## What this task involves:
Leaving pictures aside, set down each line exactly, from the first line of the data to the line with "Производительность: 12000BTU, охлаждения", both included.

## Dataset excerpt:
####

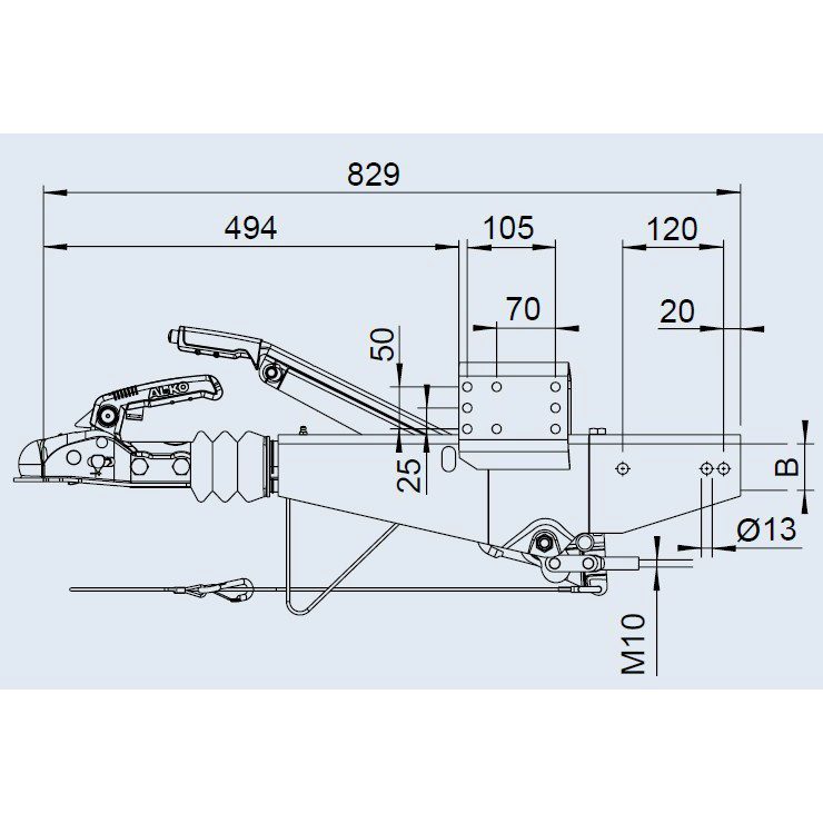 Tête attelage freinée pour remorque porte bateau , remorque plateau .. Modèle monopoutre 161S pour poutre carré 70mm 247685 / 1251904 / T-36543
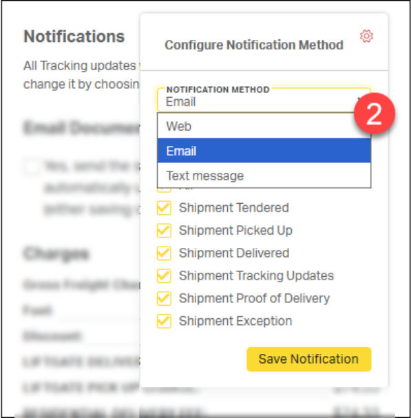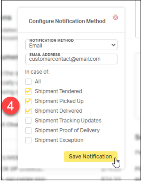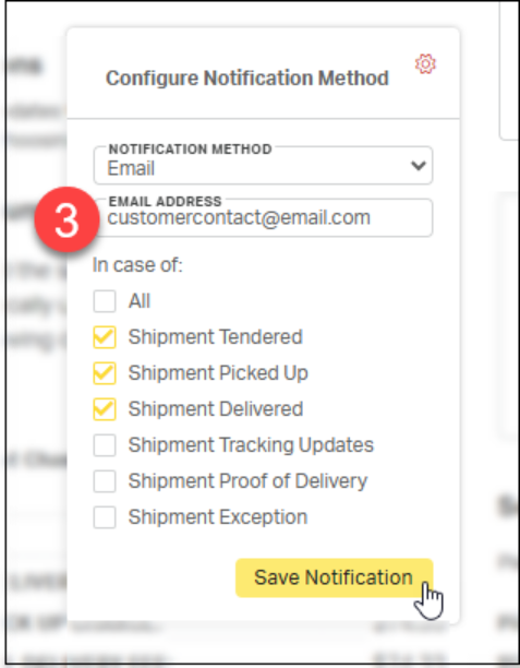 Notifications can be configured to send real-time tracking updates to specific contacts designated by the customer, ensuring the right people stay informed throughout the shipment lifecycle.
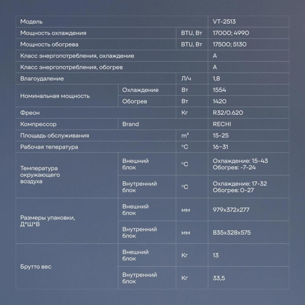 Производительность: 12000BTU, охлаждения 3.23 кВт, обогрева 3.52 кВт
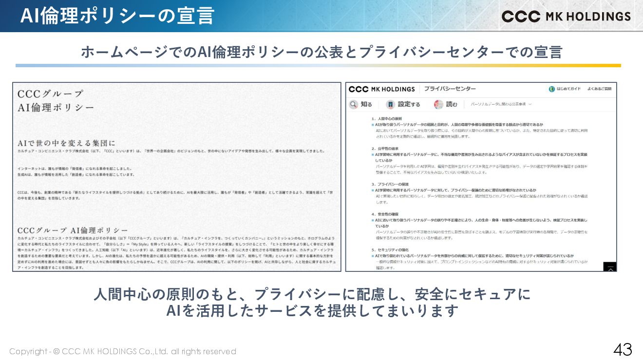 43 AI倫理ポリシーの宣言 ホームページでのAI倫理ポリシーの公表とプライバシーセンターでの宣言 人間中心の原則のもと、プライバシーに配慮し、安全にセキュアに AIを活用したサービスを提供してまいります

####

## Expected output:
 Tête attelage freinée pour remorque porte bateau , remorque plateau .. Modèle monopoutre 161S pour poutre carré 70mm 247685 / 1251904 / T-36543
 Notifications can be configured to send real-time tracking updates to specific contacts designated by the customer, ensuring the right people stay informed throughout the shipment lifecycle.
 Производительность: 12000BTU, охлаждения 3.23 кВт, обогрева 3.52 кВт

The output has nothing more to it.